Despite bragging that they had proposed and supported “new insurance market rules and consumer protections to achieve universal coverage, remove restrictions on preexisting conditions,” insurers across the country are preparing to suspend child-only insurance plans “rather than comply with a new federal healthcare law that bars them from rejecting youngsters with preexisting medical conditions.” Insurers had first challenged the law’s pre-existing requirements in March, insisting that the provision would increase premiums and was not required by the law. Pressed by HHS Secretary Kathleen Sebelius, however, AHIP, the industry’s lobby, eventually relented. Karen Ignagni issued a letter promising to “fully comply with [the] regulations.”

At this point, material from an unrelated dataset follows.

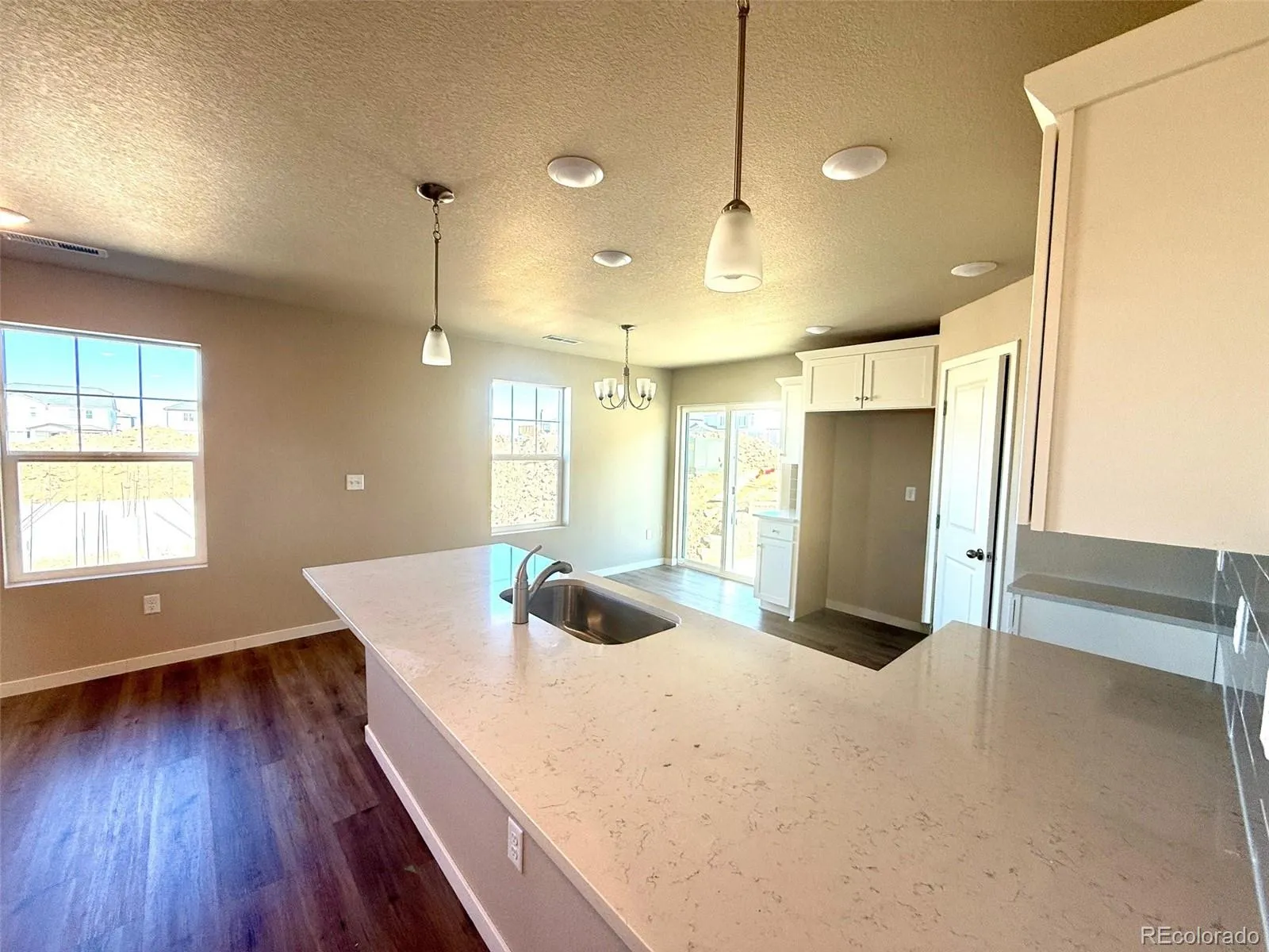 The Hanover floor plan—a charming one-story ranch-style home for sale—features main-floor master living at its finest. The front of this home includes a bedroom, bathroom, and family room which opens to a thoughtful kitchen, nook, and large pantry. A large laundry room and third bedroom are located on the way to the master bedroom, bathroom, and walk-in closet.

But that has not been the case. Some insurers began pulling out of the market even after the administration tried to alleviate concerns of adverse selection by establishing a defined enrollment period, and now many others are following suit. The Wall Street Journal:
“The new federal rules required guaranteed-issue coverage for individuals under 19 without regard to affordability,” said Matt Wiggin, an Aetna spokesman. “So folks seeking coverage would be those who need immediate services for high-cost conditions.” […]

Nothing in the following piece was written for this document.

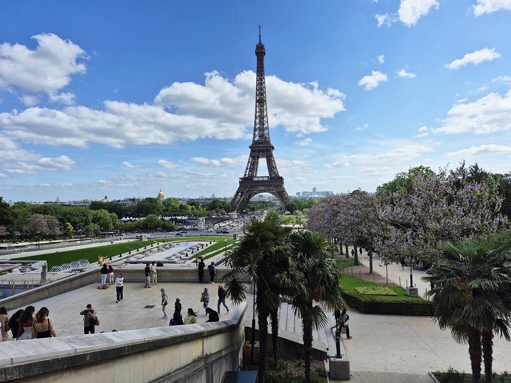 Von der Bushaltestelle direkt vor der Tür des Hotels fuhr ich quer durch die Stadt bis zum Eiffelturm, der rundherum gut eingezäunt ist. Über die Seine spazierte ich durch die Gartenanlagen zum "Trocadéro" mit dem spektakulären Blick auf den Turm.

Golden Rule also recently discontinued the sale of policies to children individually. “Given current health-insurance market dynamics and regulations, it is necessary to require a parent to be on a policy in the same manner as is required on an employer group plan,” said Ellen Laden, a spokeswoman. “We continue to believe that regulations can be structured that will enable child-only plans to be offered and we are working toward that goal.”
Addressing bloggers on a call yesterday, Nancy-Ann DeParle — Director of the White House Office of Health Reform — implied that there is nothing else the administration can do to prevent issuers from leaving the market. “Our response is one of disappointment and displeasure,” DeParle said. “I think the important thing to remember is that families will have more options now than they did before. And the family policy — which is a more desirable form of coverage and what most children get — they can’t be discriminated against. So going forward, if you’re getting a family policy you can’t have an insurer say, ‘we’ll cover your family except for the child who has a heart murmor. And there is also expansions of the CHIP program and other ways this law makes children’s coverage more affordable and more accessible overall.”
Peter Harbage, a health care policy consultant, agrees. He told me that there is little else the White House could have done, outside of limiting benefits, allowing insurers to increase premiums, or making the application process somehow more complicated — in other words, allowing issuers to throw children under the bus. Moving forward, the administration will have to focus on enrolling eligible children into Medicaid, CHIP, and possibly the new high risk insurance pool programs, he says.
But given the political context, this is also an opportunity for the plans to reiterate the importance of the mandate. They may be hesitant to dramatically increase premiums for fear of being excluded from the exchanges, but weakening support for the law is not entirely without benefit.